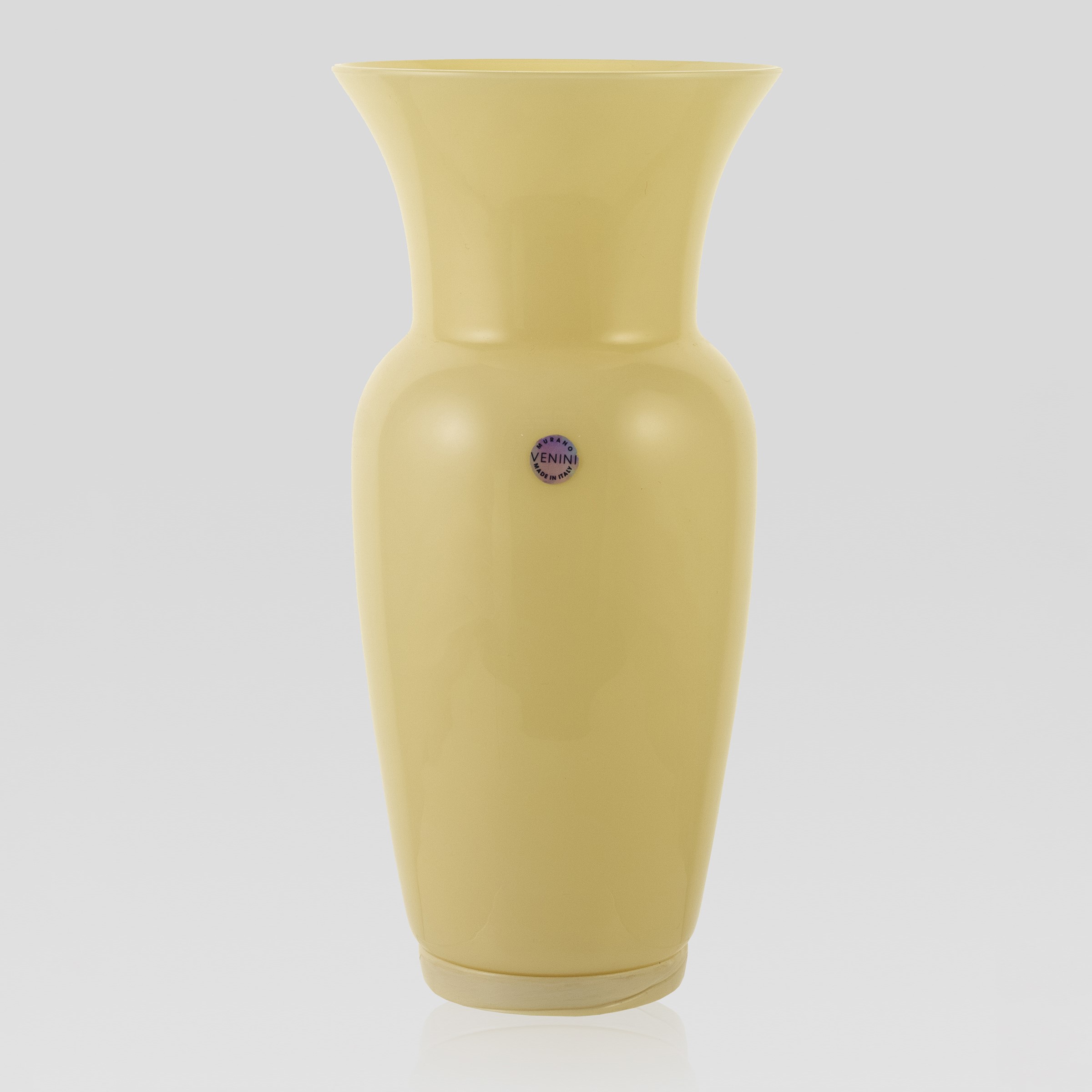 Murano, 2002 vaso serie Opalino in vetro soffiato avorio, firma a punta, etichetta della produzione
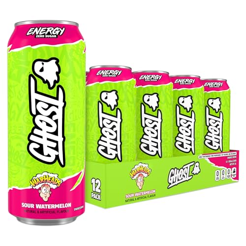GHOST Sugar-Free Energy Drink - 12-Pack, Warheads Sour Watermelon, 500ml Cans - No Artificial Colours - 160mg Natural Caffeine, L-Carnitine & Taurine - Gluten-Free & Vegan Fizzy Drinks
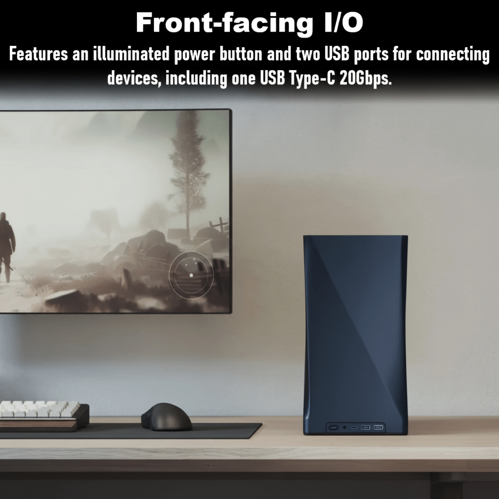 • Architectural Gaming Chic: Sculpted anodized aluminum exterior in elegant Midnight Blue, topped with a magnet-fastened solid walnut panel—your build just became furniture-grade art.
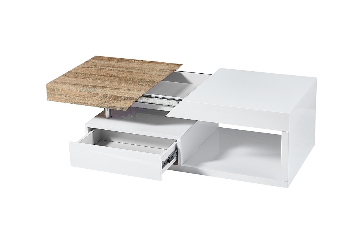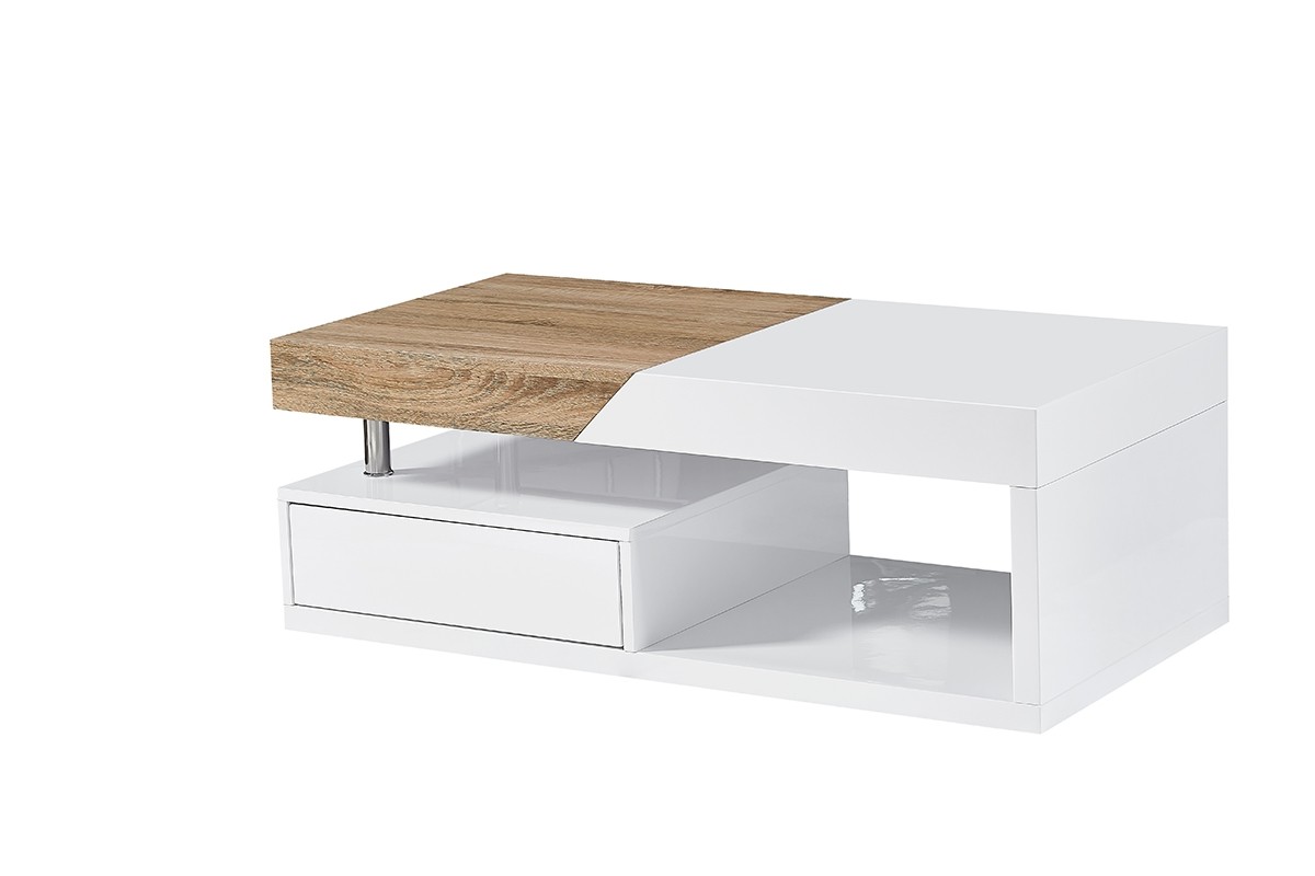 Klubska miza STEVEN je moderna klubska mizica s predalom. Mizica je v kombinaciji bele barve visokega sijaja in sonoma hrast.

§ §

▶ What you will do
The material above is to be transcribed exactly, with all pictures omitted.

▶ Finished task
 Murano, 2002 vaso serie Opalino in vetro soffiato avorio, firma a punta, etichetta della produzione
GHOST Sugar-Free Energy Drink - 12-Pack, Warheads Sour Watermelon, 500ml Cans - No Artificial Colours - 160mg Natural Caffeine, L-Carnitine & Taurine - Gluten-Free & Vegan Fizzy Drinks
 • Architectural Gaming Chic: Sculpted anodized aluminum exterior in elegant Midnight Blue, topped with a magnet-fastened solid walnut panel—your build just became furniture-grade art.
 Klubska miza STEVEN je moderna klubska mizica s predalom. Mizica je v kombinaciji bele barve visokega sijaja in sonoma hrast.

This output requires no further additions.